ASSIGNMENT:
Return the data verbatim, without pictures.

SUPPLIED INFORMATION:
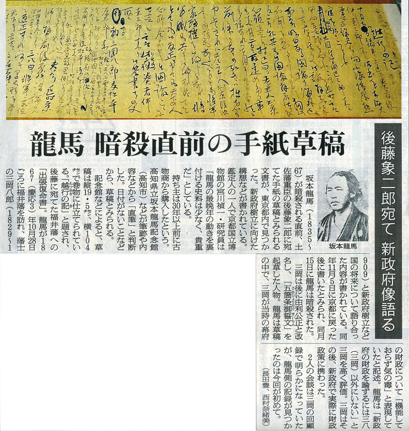 本日は朝日新聞朝刊より「龍馬 暗殺直前の手紙草稿」の記事をオススメします。
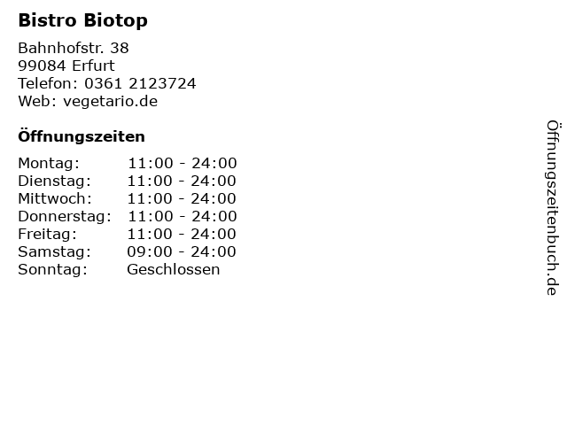 | Öffnungszeiten Bistro Biotop in Erfurt anzeigen | |
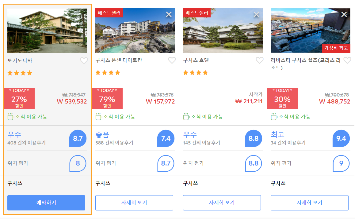 구사츠료칸 토키노니와 (Tokinoniwa Hotel)의 최저 가격대는 아고다웹사이트에서 할인특가 가격으로 매일매일 변동되며 50만원대부터 다양하게 형성됩니다. 날짜별로 매일 가격이 다르므로 아고다웹사이트 최저가를 확인하시려면 아래 링크를 누르시고 원하는 날짜의 가격대를 선택해야 정확한 가격을 자세히 보실 수 있습니다.
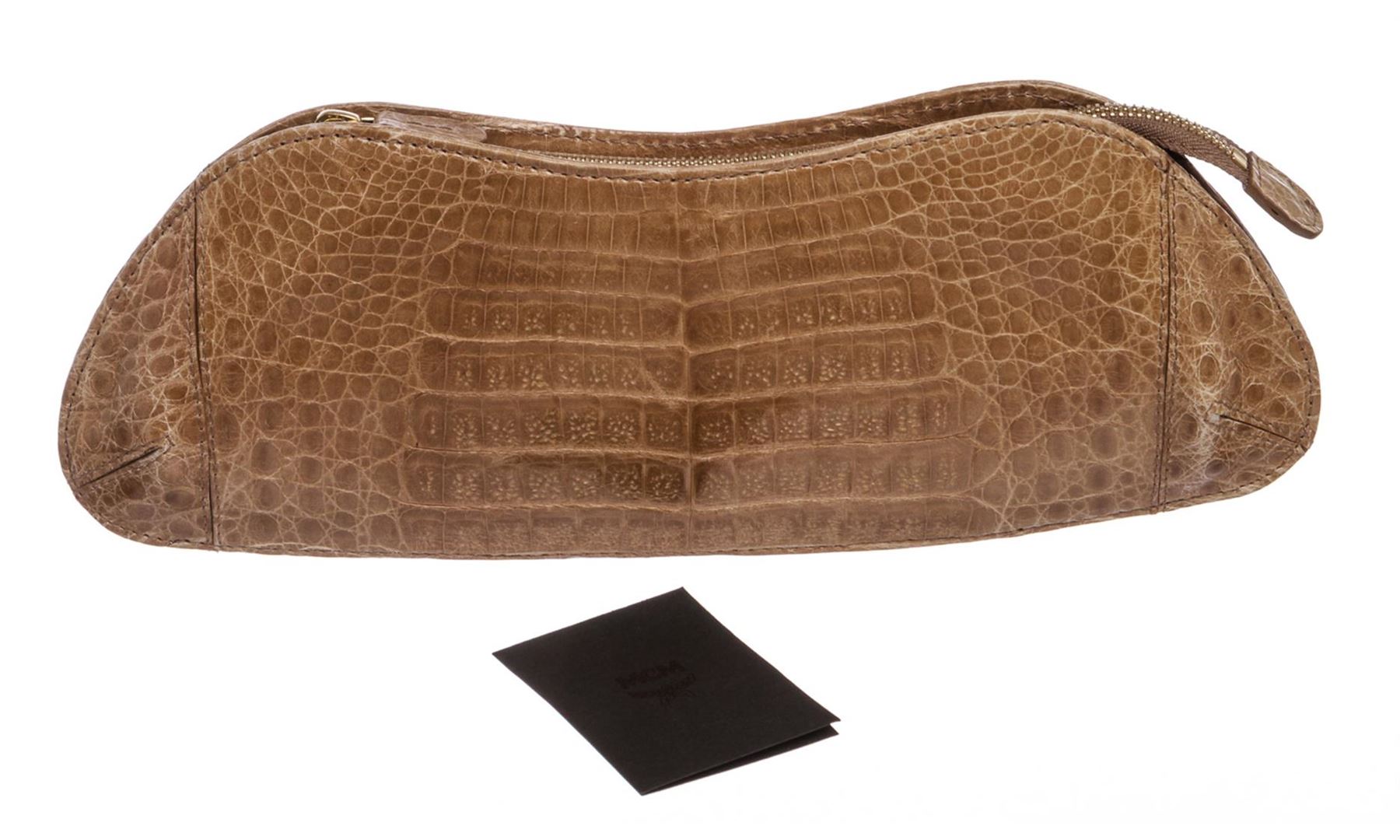 Beige crocodile MCM evening clutch with gold tone hardware, leather interior lining, zipper pocket at interior wall and a overall zipper closure.

OUTPUT OF THE EXERCISE:
 本日は朝日新聞朝刊より「龍馬 暗殺直前の手紙草稿」の記事をオススメします。
 | Öffnungszeiten Bistro Biotop in Erfurt anzeigen | |
 구사츠료칸 토키노니와 (Tokinoniwa Hotel)의 최저 가격대는 아고다웹사이트에서 할인특가 가격으로 매일매일 변동되며 50만원대부터 다양하게 형성됩니다. 날짜별로 매일 가격이 다르므로 아고다웹사이트 최저가를 확인하시려면 아래 링크를 누르시고 원하는 날짜의 가격대를 선택해야 정확한 가격을 자세히 보실 수 있습니다.
 Beige crocodile MCM evening clutch with gold tone hardware, leather interior lining, zipper pocket at interior wall and a overall zipper closure.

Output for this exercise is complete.